Cardiovascular Potential cardiovascular adverse effects include tachycardia, hypotension, anaphylaxis, and capillary leak syndrome.

Bone pain The most commonly reported adverse effect is bone pain. Lambertini and colleagues identified 4 main causes for bone pain in patients receiving G-CSFs9:

Differentiation, maturation, and functional stimulation of mature cells caused by qualitative and quantitative expansion of the bone marrow. This leads to secretion of cytokines that create a form of communication between cells, which creates an inflammatory cascade that recruits other cells to make colony-stimulating factors (CSFs).

CSF stimulation of CSF receptors located on primary afferent nerve produces peripheral nociceptor sensitization to nociceptive stimuli through the development of morphological and electrophysiological changes in nerve fibers.

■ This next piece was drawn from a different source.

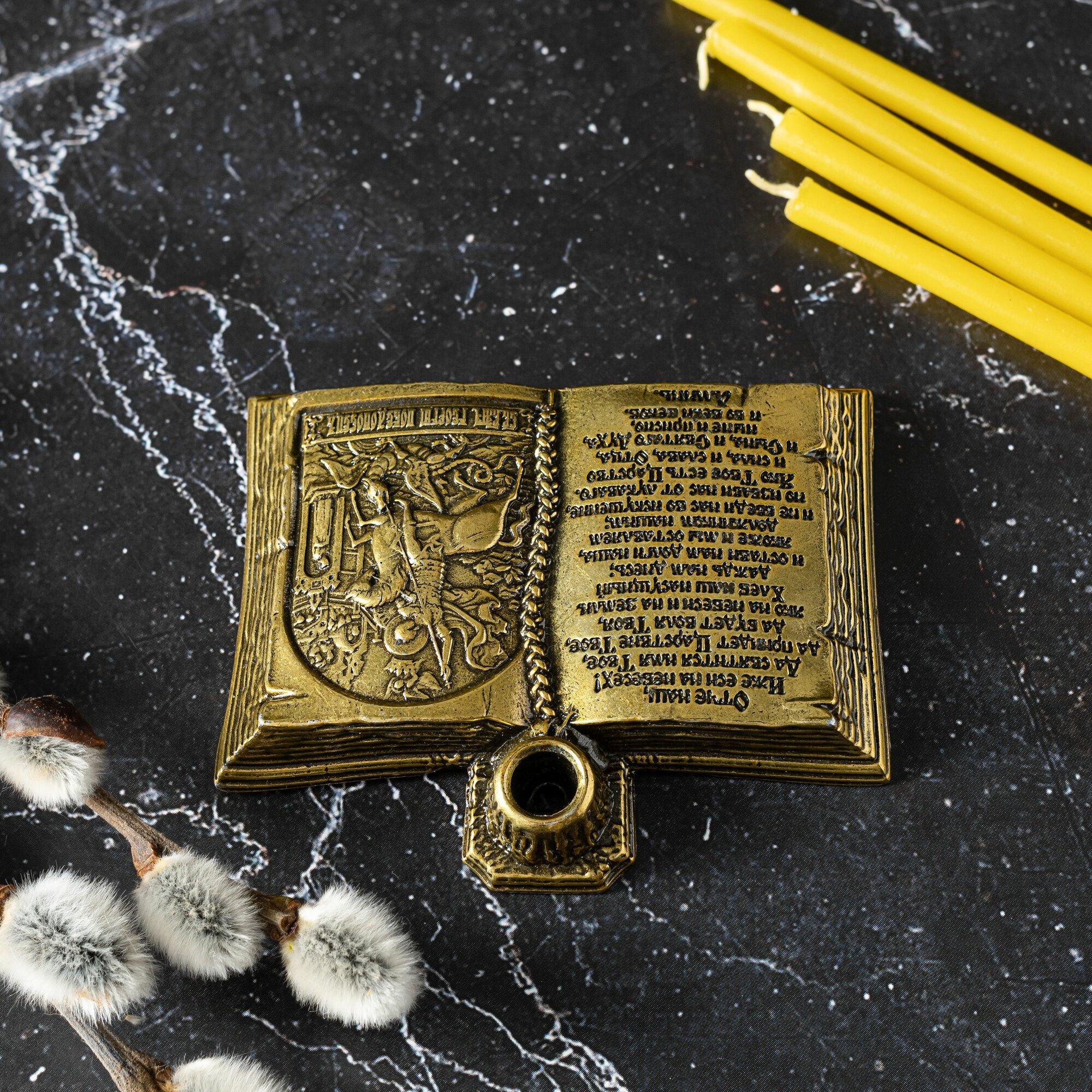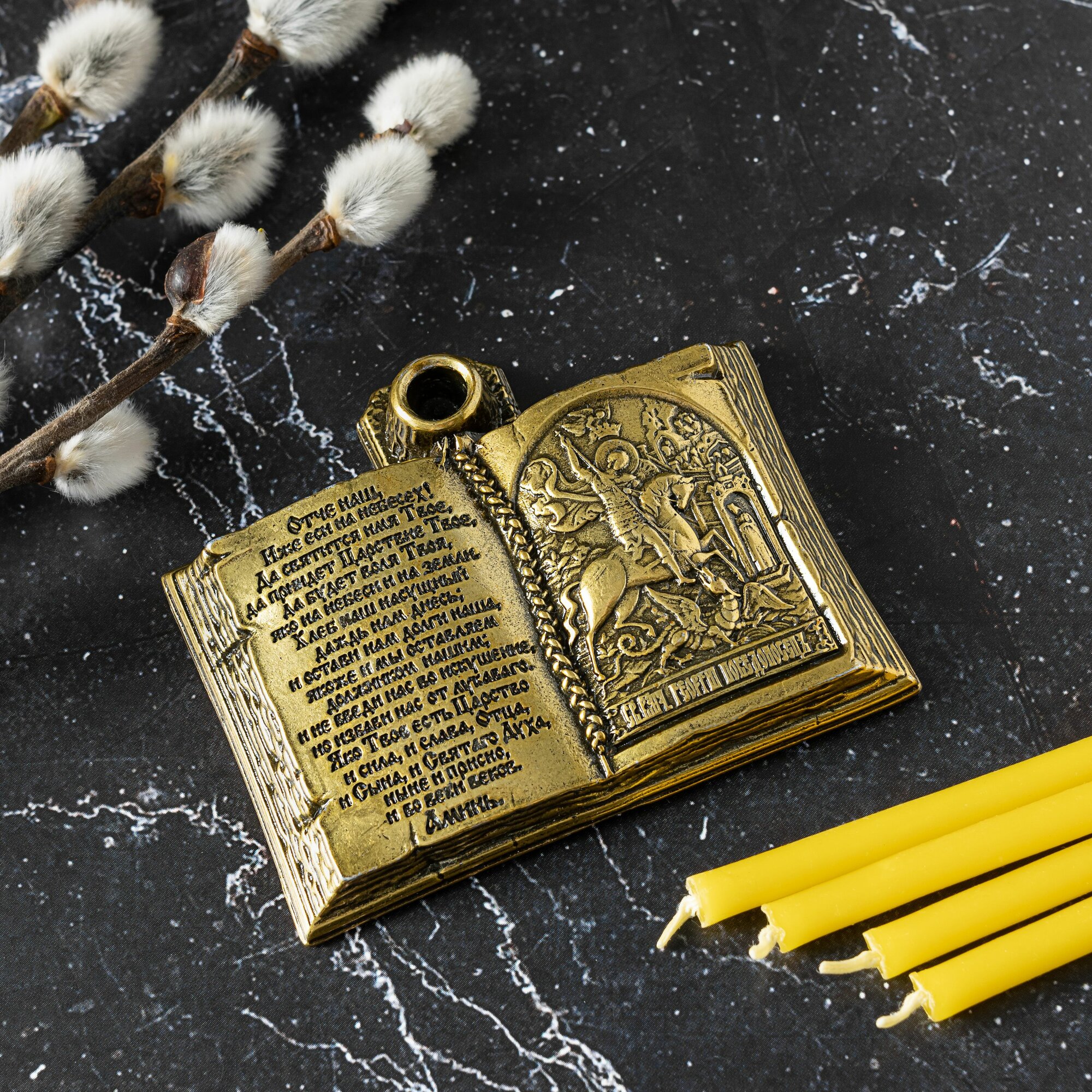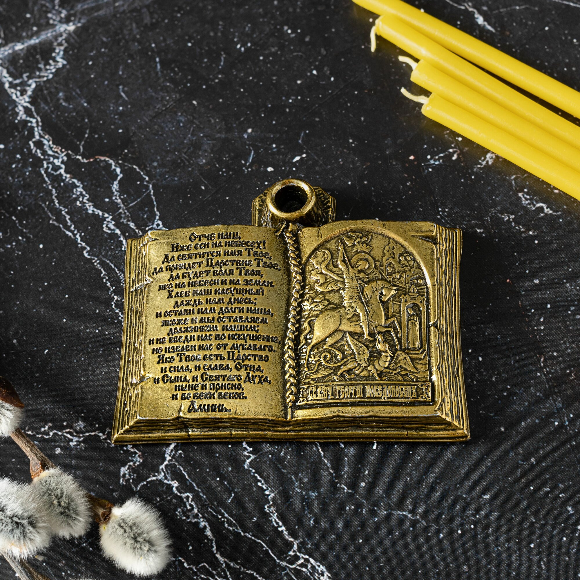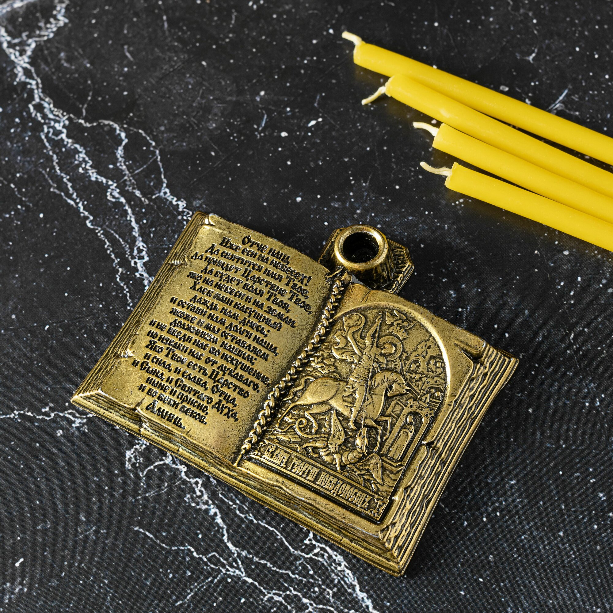 Подсвечник для церковной свечи с иконой Георгия Победоносца интересное:

CSFs stimulate and recruit inflammatory cells that can sensitize their own peripheral nerve fibers, contributing to nerve remodeling through the release of inflammatory cytokines.

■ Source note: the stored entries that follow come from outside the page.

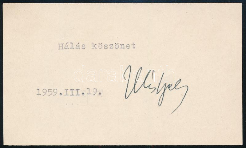 Leírás: Illés Béla (1895-1974) kétszeres Kossuth-díjas (1950, 1955) író, újságíró autográf aláírása kártyán
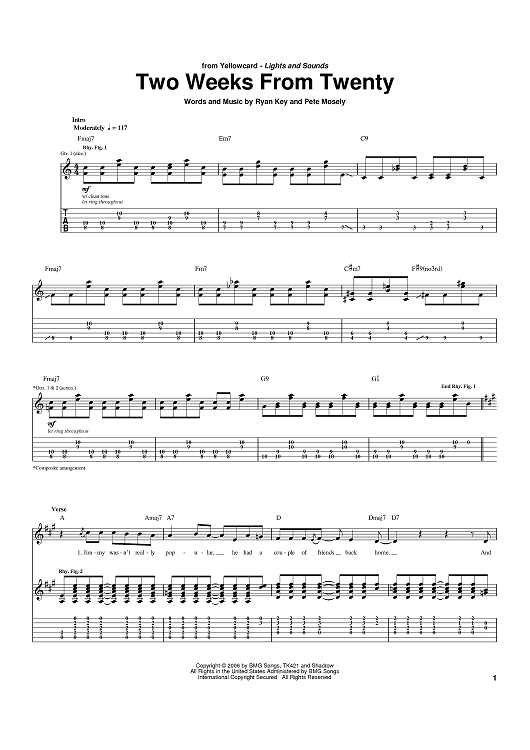 Digital Sheet Music for Two Weeks From Twenty by Ryan Key, Peter Mosely, Yellowcard scored for Guitar Tab; id:390977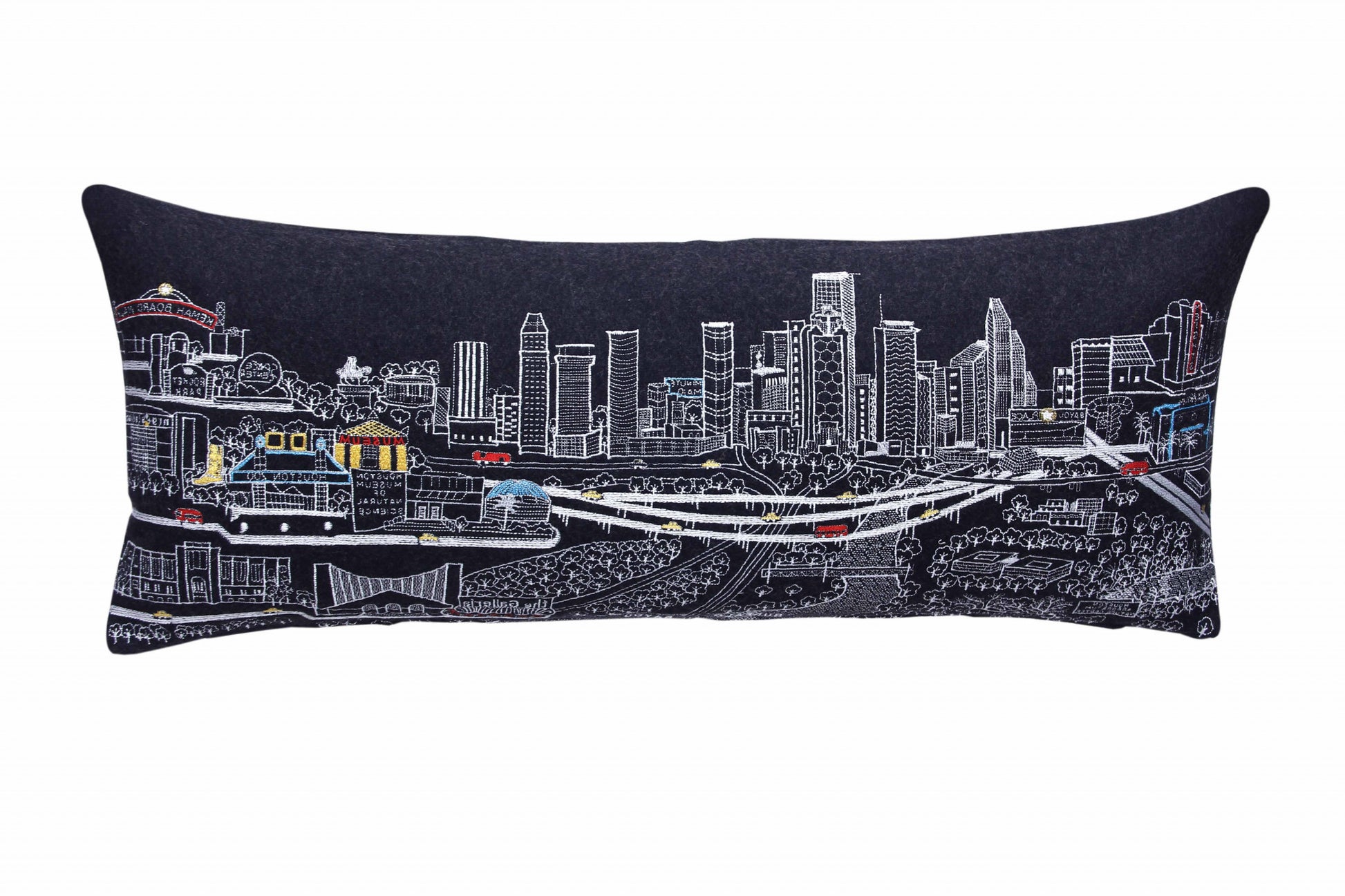 Showcase this famous city, with our Black Color Houston Nighttime Skyline Queen Size Lumbar Decorative Pillow. The Nighttime view of Houston, is picture perfect. The gorgeous art features many famous landmarks and references for this destination city, rendering a modern whimsical way to bring this iconic cityscape to life. Made of a wool/nylon blend, this high quality stitched decorative pillow features white on black embroidered artwork mixed with pops of color that highlight important and recognizable icons from this popular Texas city. This pillow makes a great gift, decorative accent and conversation piece. 4" x 35" x 14"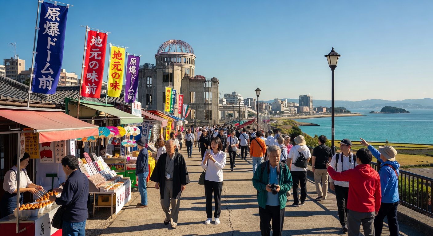 原爆資料館を見た後、夜は地元の居酒屋で瀬戸内の魚を食べ、翌朝は平和公園を散歩してから呉に向かう——こうした「2日間の広島体験」を設計できれば、消費額は5倍になる。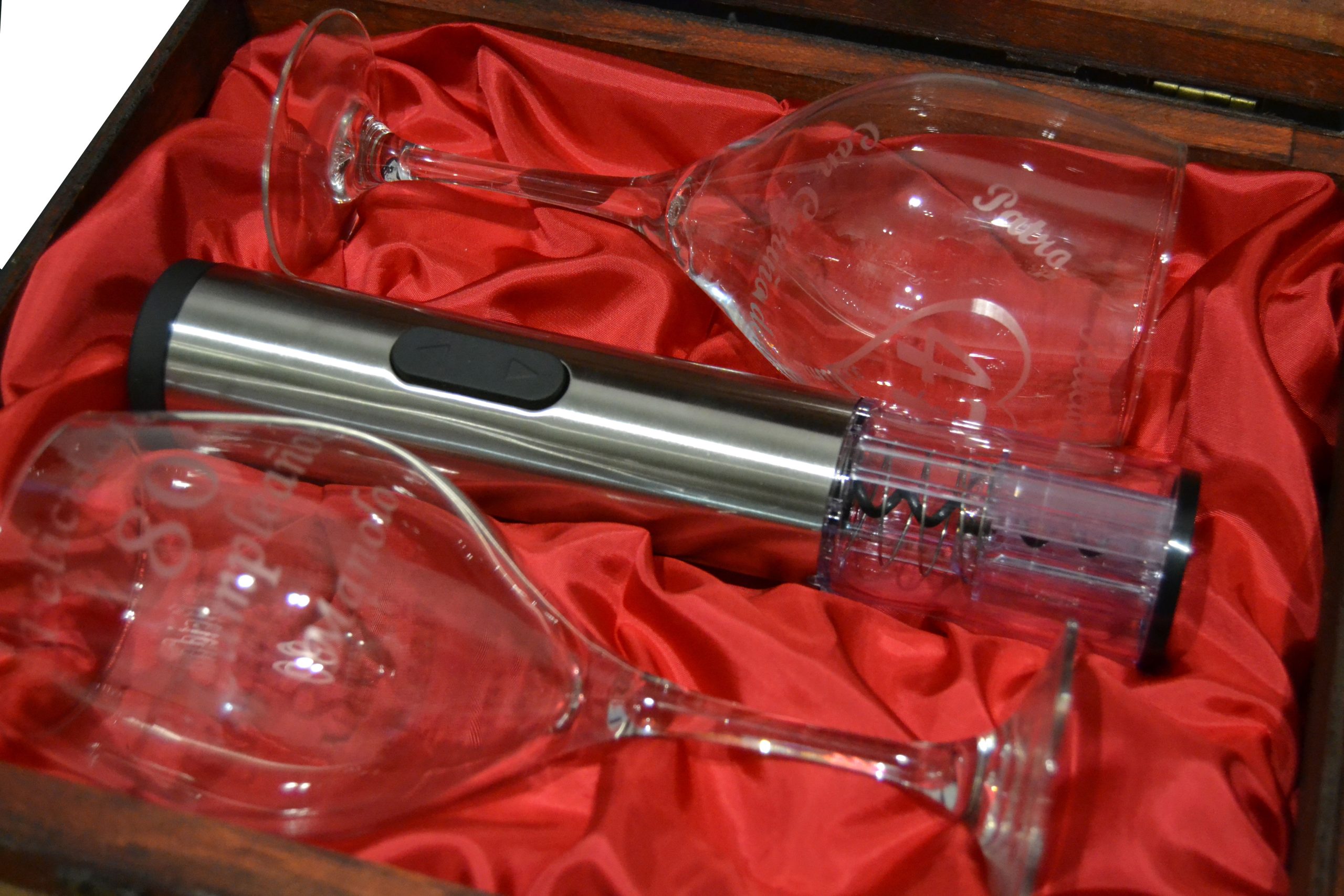 Te presentamos nuestro nuevo set de sacacorchos eléctrico personalizado, fabricado en acero inoxidable y acompañado de dos copas de rioja personalizadas. Todo presentado en este lujoso estuche de madera. Para disfrutar de la experiencia de abrir una buena botella de vino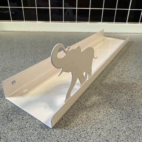 Sælger denne fine hylde, hvor man kan hænge tøj på.

The direct effect of G-CSFs on bone metabolism. These agents may activate osteoclasts and osteoblasts with the final effect being bone resorption.

Additional adverse effects Clinicians administering G-CSFs should be aware of these other adverse effects that have been reported, including splenic rupture, myelodysplastic syndrome and acute myeloid leukemia, leukocytosis, thrombocytopenia, and elevated LDH levels.

Imaging G-CSFs can also influence diagnostic studies such as nuclear imaging, specifically PET scans. Transient positive bone imaging changes have been reported due to increased activity of the bone marrow in response to growth factor therapy.